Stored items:
▬▬▬▬▬▬▬▬▬▬
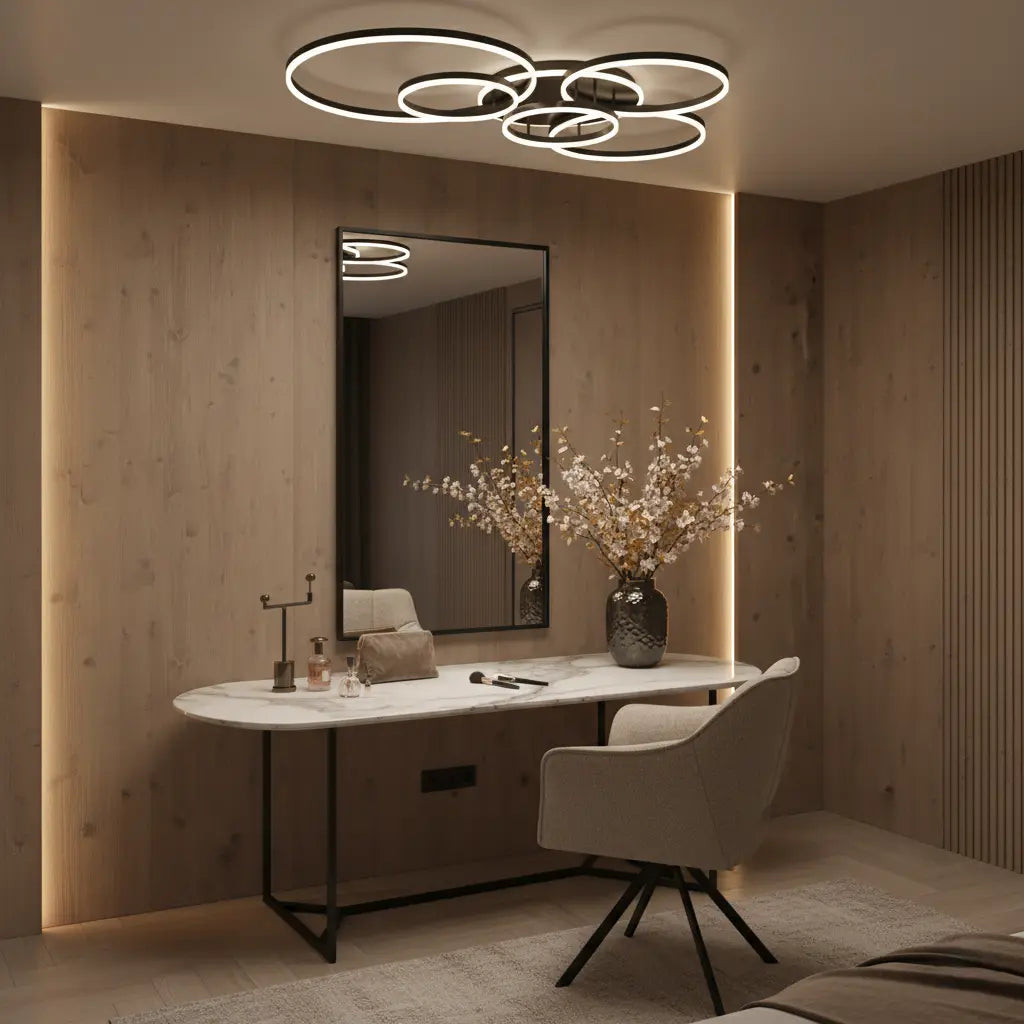 Moderne Deckenleuchte mit dimmbaren LED‑Ringen für große Räume
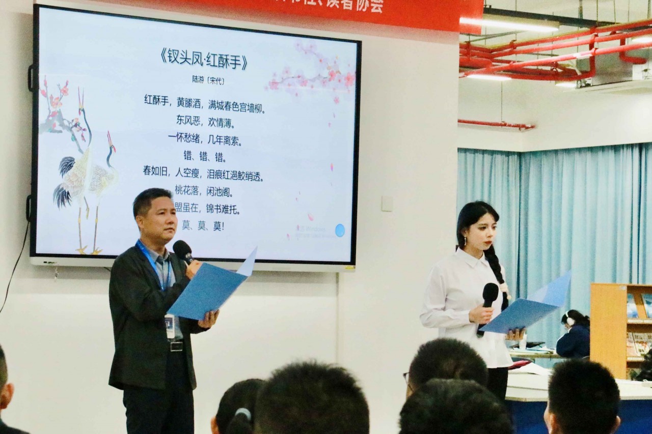 友情表演环节由图书馆黄琪涵、刘宇豪老师合诵《唐诗里的中国人》,为观众打开唐诗唯美的诗画想象空间;廖诗忠书记与艺建系陈宏雁同学合诵陆游、唐婉的《钗头凤》,哀怨、凄美的千古绝唱,令观众仿佛穿越时空,伫立沈园,慨叹“山盟虽在,锦书难托”的无奈与遗恨。领导与学生同台表演,精彩震撼人心,掌声无比热烈。
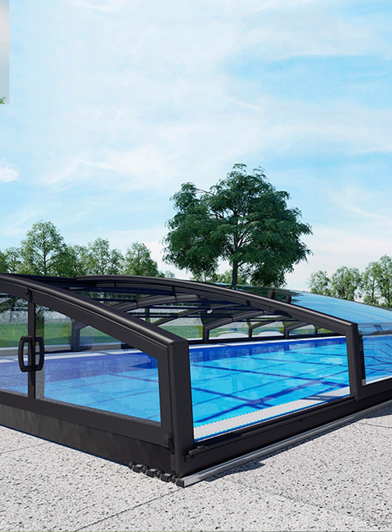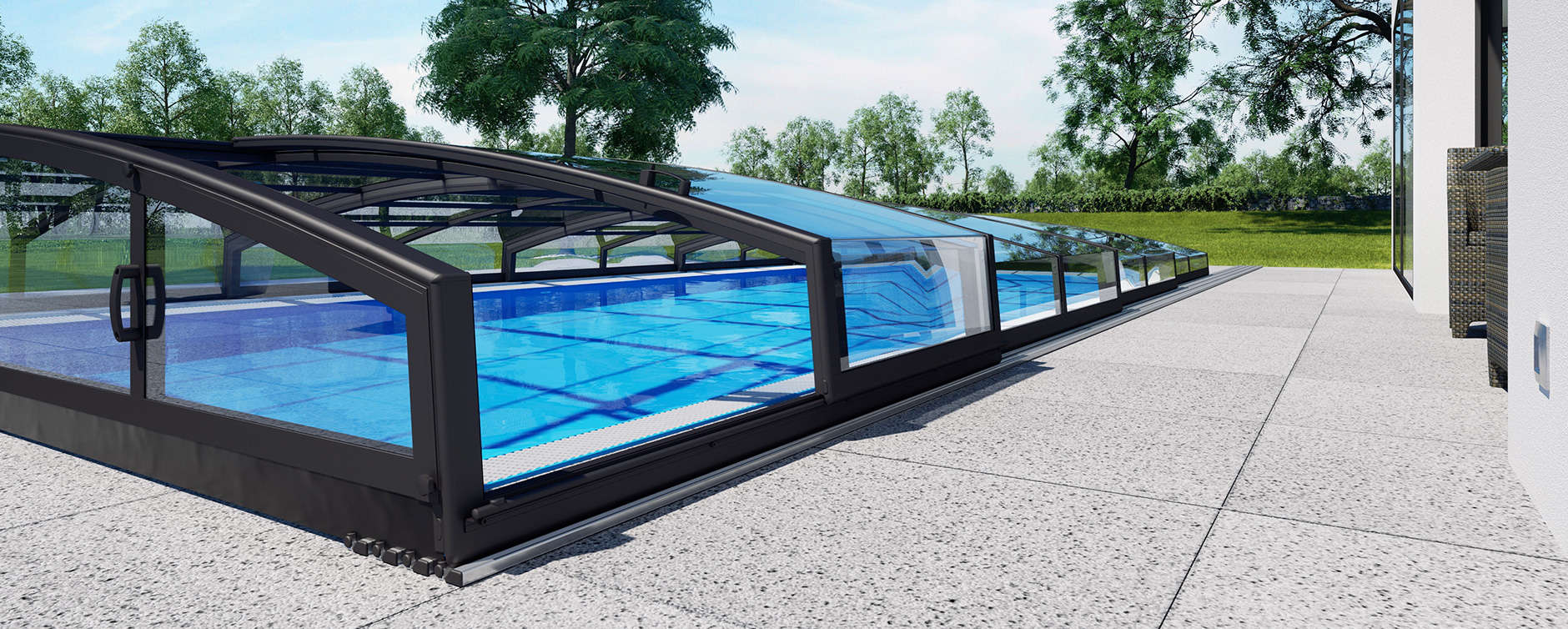 The CASABLANCA INFINITY is discreet and refined at the same time. A low pool enclosure, which appears inconspicuous at first glance in the garden. A curved transparent enclosure, a futuristic carbon look and the low Air track are proof of this.
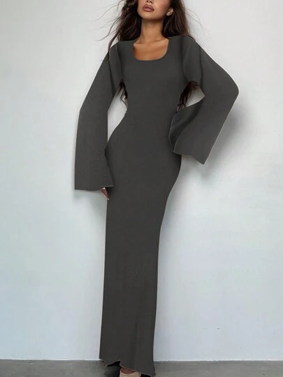 Women Casual Round Neck Bodycon Long Flare Sleeves Back Tie Elegant Daily Street Fall Winter Long Dress - Dark Grey - View 1
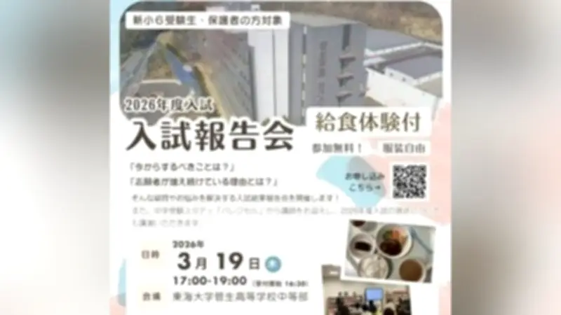 東海大学菅生高等学校中等部(東京都あきる野市)は、2026年3月19日に中等部の入試報告会を実施します。このイベントでは、2月に行われた中等部入試の結果報告や、出題された問題の詳細な解説が予定されています。
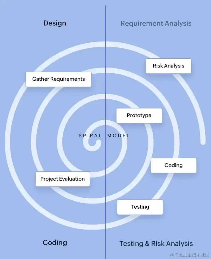 螺旋模型是一种高度规避风险的模型,是中高风险项目的首选模型。它大致分为四个阶段:目标识别、设计、开发和风险分析。在这个模型中,开发周期的每个阶段都呈螺旋状——基础螺旋侧重于基本要求,每重复一个周期,软件就愈加详细。例如,目标识别阶段的基础螺旋是利益相关者的高级要求集合,在下一个螺旋中,它将指向同一项目的技术要求。当预计最终产品在构建流程中需要大量更改时,此模型比较合适。
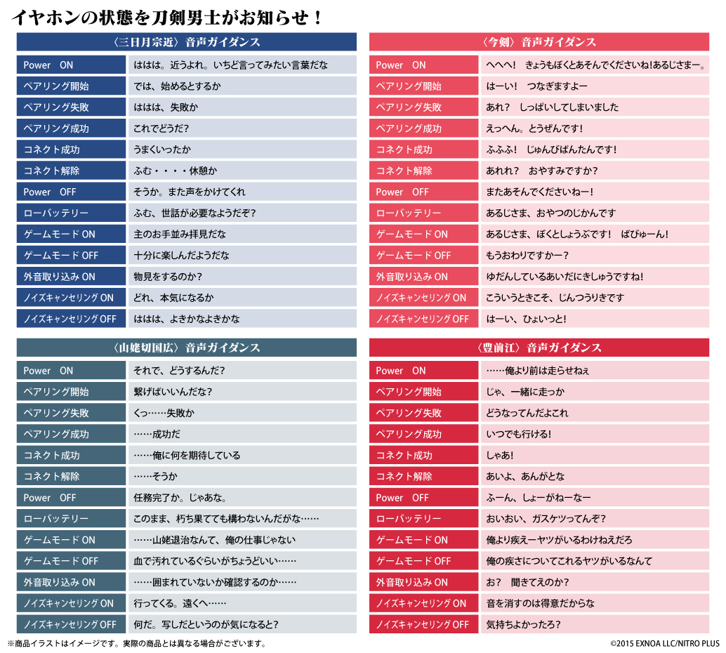 本コラボレーションモデルは、「三日月宗近」「今剣」「山姥切国広」「豊前江」の4モデルをラインナップ。左右ハウジングには各刀剣男士紋をデザイン、充電ケースには“円”を“縁”として、刀剣男士との縁をテーマに、各刀剣男士の「紐」のデザインを軸に衣装や特徴、柄などのモチーフを取り入れ、紐で縁(円)を結ぶ、「縁結び」をコンセプトとしたデザインとなります。なお、各刀剣男士の音声ガイダンスはすべて録り下ろしボイスとなります。
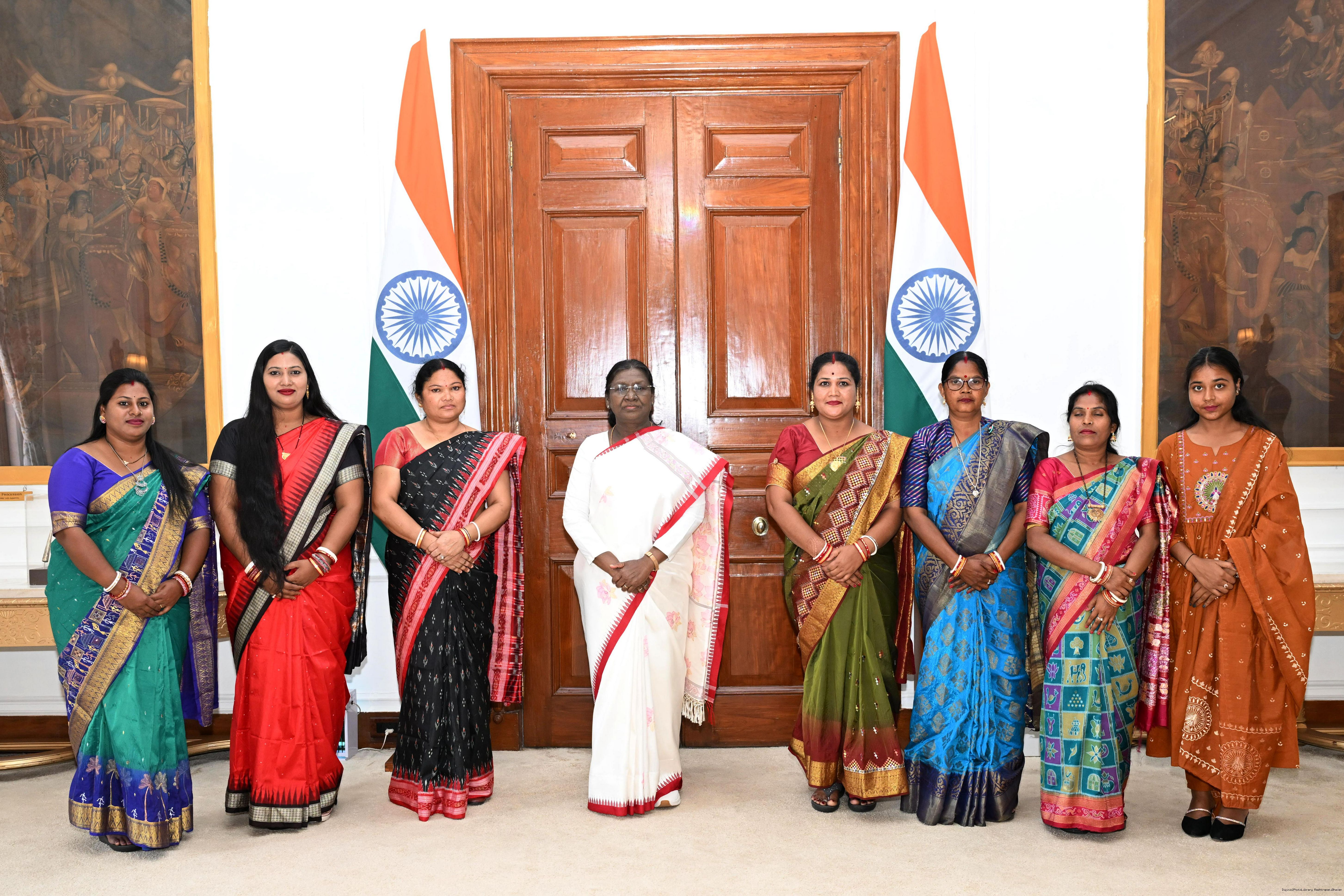 Ms. Nirupama Soren from Rairangpur along with Ms. Rani Mandal and others meeting with the President of India Smt. Droupadi Murmu at Rashtrapati Bhavan on March 2, 2026.
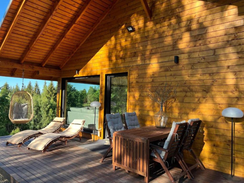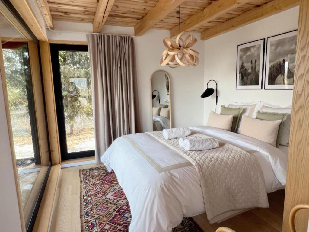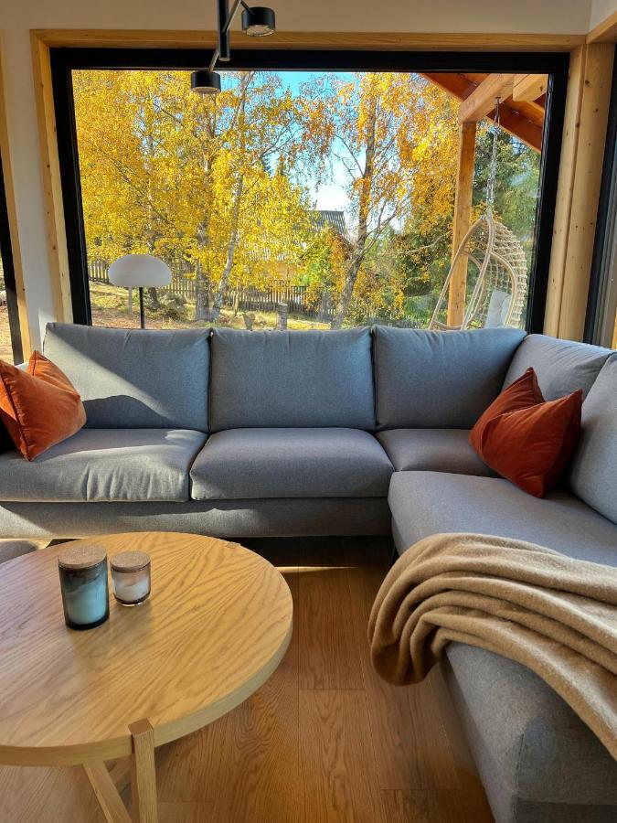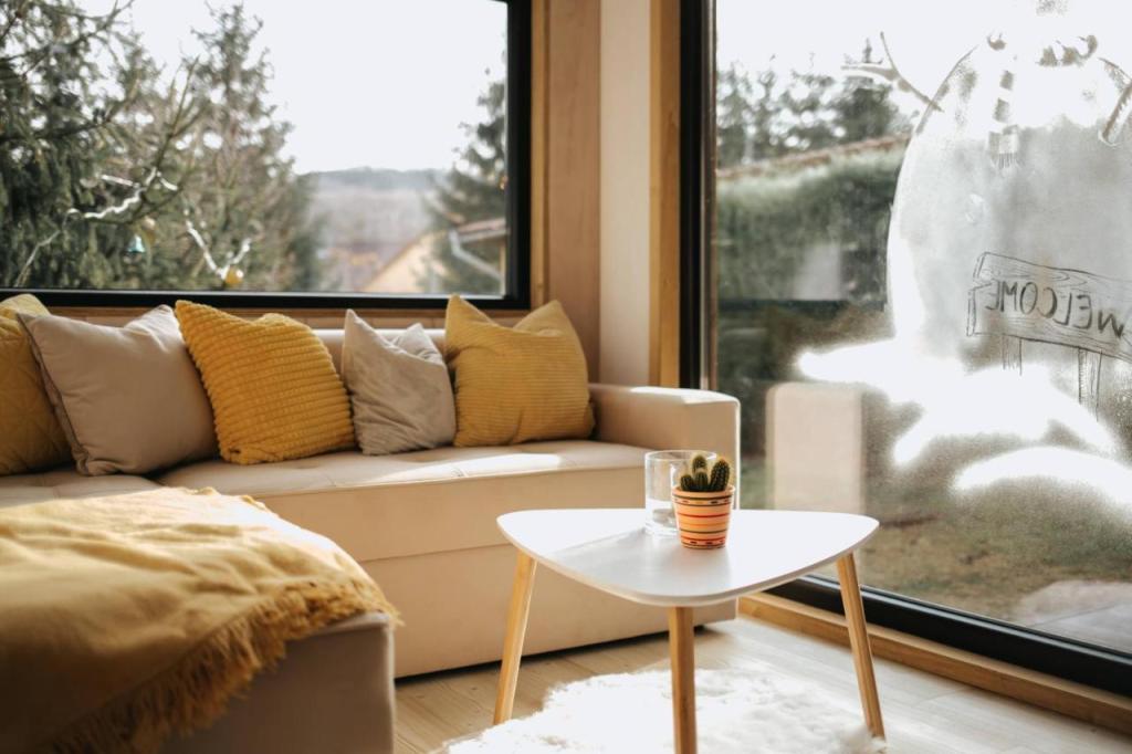 La parter se află un living mare cu șemineu și o zonă de luat masa, amplasate astfel încât să te poți bucura de priveliște din toate unghiurile camerei. Dormitorul se află tot la parter, cu geamuri până în podea care dau, la rândul lor, spre natura din jur. Elementul central al cabanei sunt ferestrele mari, dispuse strategic pentru a oferi oaspeților o vedere spectaculoasă spre pădure.
▬▬▬▬▬▬▬▬▬▬
#### Task to carry out
From the first line of the records through the line containing "東海大学菅生高等学校中等部(東京都あきる", please output exactly those lines and nothing more, leaving out the pictures.

#### Answer for the task
 Moderne Deckenleuchte mit dimmbaren LED‑Ringen für große Räume
 友情表演环节由图书馆黄琪涵、刘宇豪老师合诵《唐诗里的中国人》,为观众打开唐诗唯美的诗画想象空间;廖诗忠书记与艺建系陈宏雁同学合诵陆游、唐婉的《钗头凤》,哀怨、凄美的千古绝唱,令观众仿佛穿越时空,伫立沈园,慨叹“山盟虽在,锦书难托”的无奈与遗恨。领导与学生同台表演,精彩震撼人心,掌声无比热烈。
 The CASABLANCA INFINITY is discreet and refined at the same time. A low pool enclosure, which appears inconspicuous at first glance in the garden. A curved transparent enclosure, a futuristic carbon look and the low Air track are proof of this.
 Women Casual Round Neck Bodycon Long Flare Sleeves Back Tie Elegant Daily Street Fall Winter Long Dress - Dark Grey - View 1
 東海大学菅生高等学校中等部(東京都あきる野市)は、2026年3月19日に中等部の入試報告会を実施します。このイベントでは、2月に行われた中等部入試の結果報告や、出題された問題の詳細な解説が予定されています。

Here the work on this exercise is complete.